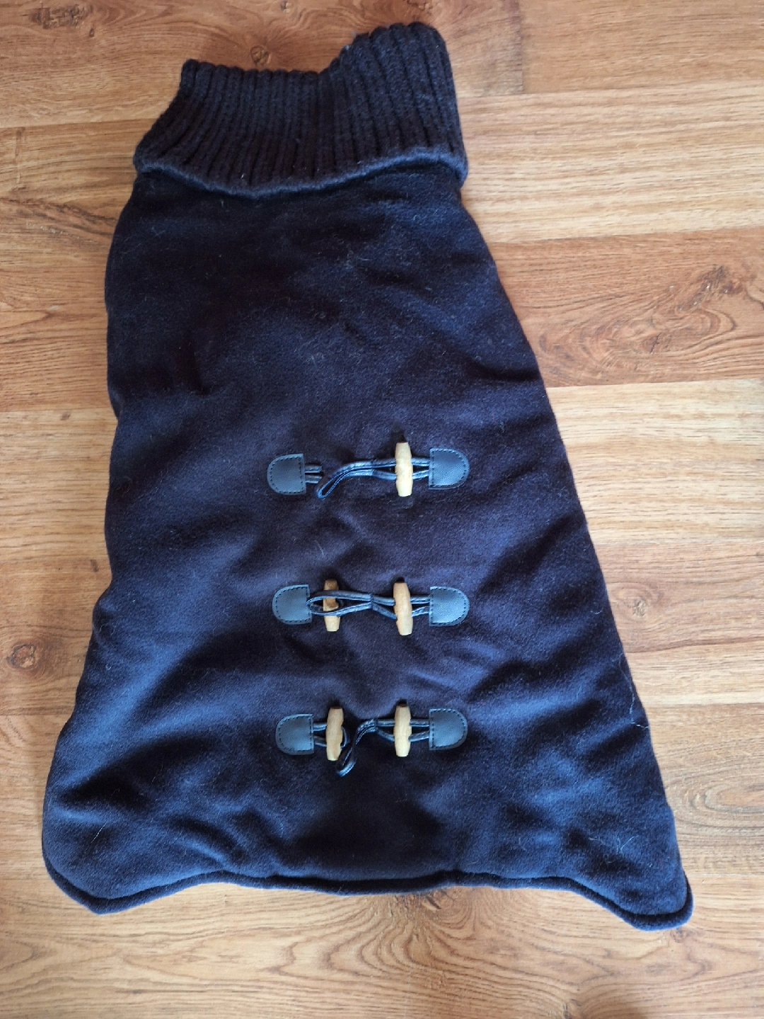 Selling a cozy navy blue dog coat! It's in good condition and will keep your furry friend warm during the colder months. Features a snug fit and stylish toggle closures. Size L
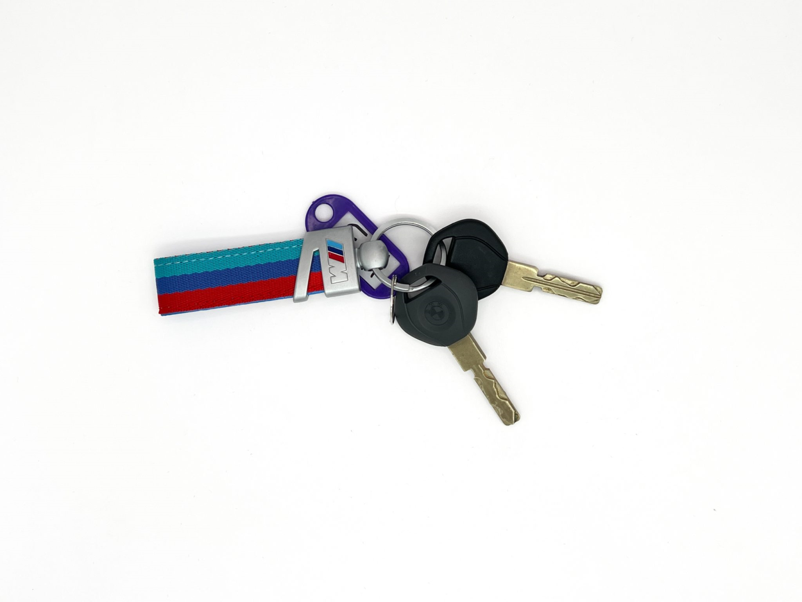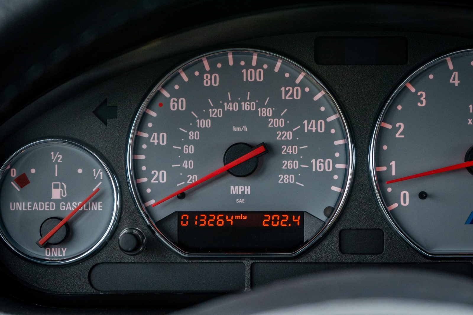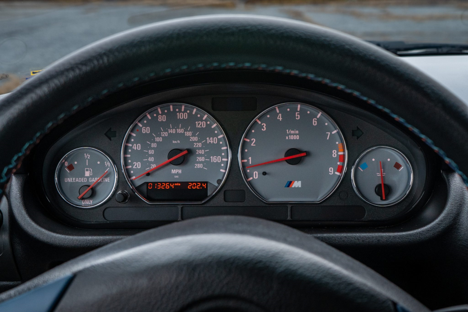 The M-branded leather-wrapped steering wheel features tri-color stitching and frames a tachometer with an 8k-rpm redline, a 170-mph speedometer, and auxiliary gauges. The digital odometer indicates 13k miles.
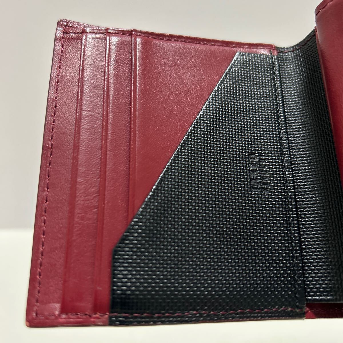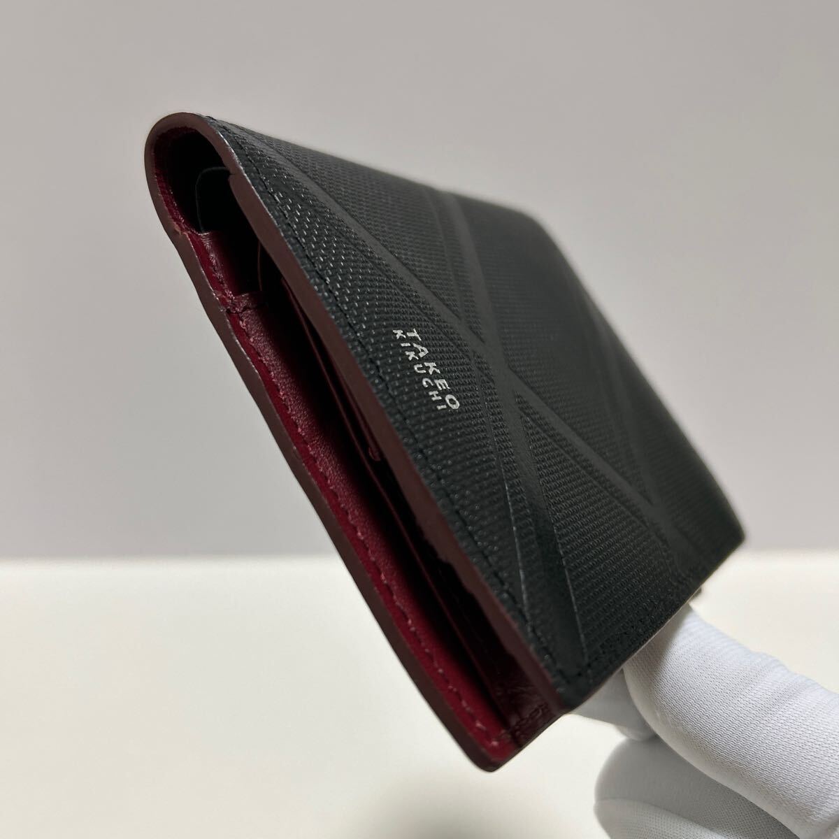 ☆美品☆ ◆TAKEO KIKUCHI タケオキクチ コンパクト 折り財布 ブラック×ボルドー◆ レザー 小銭入れ有 札入れ×2 【送料無料】0503

▶ TASK INSTRUCTIONS
Find the line containing "The M-branded leather-wrapped" in the listing above. Please restate word for word that line through the last one, leaving out the pictures.

▶ PROBLEM SOLUTION
 The M-branded leather-wrapped steering wheel features tri-color stitching and frames a tachometer with an 8k-rpm redline, a 170-mph speedometer, and auxiliary gauges. The digital odometer indicates 13k miles.
 ☆美品☆ ◆TAKEO KIKUCHI タケオキクチ コンパクト 折り財布 ブラック×ボルドー◆ レザー 小銭入れ有 札入れ×2 【送料無料】0503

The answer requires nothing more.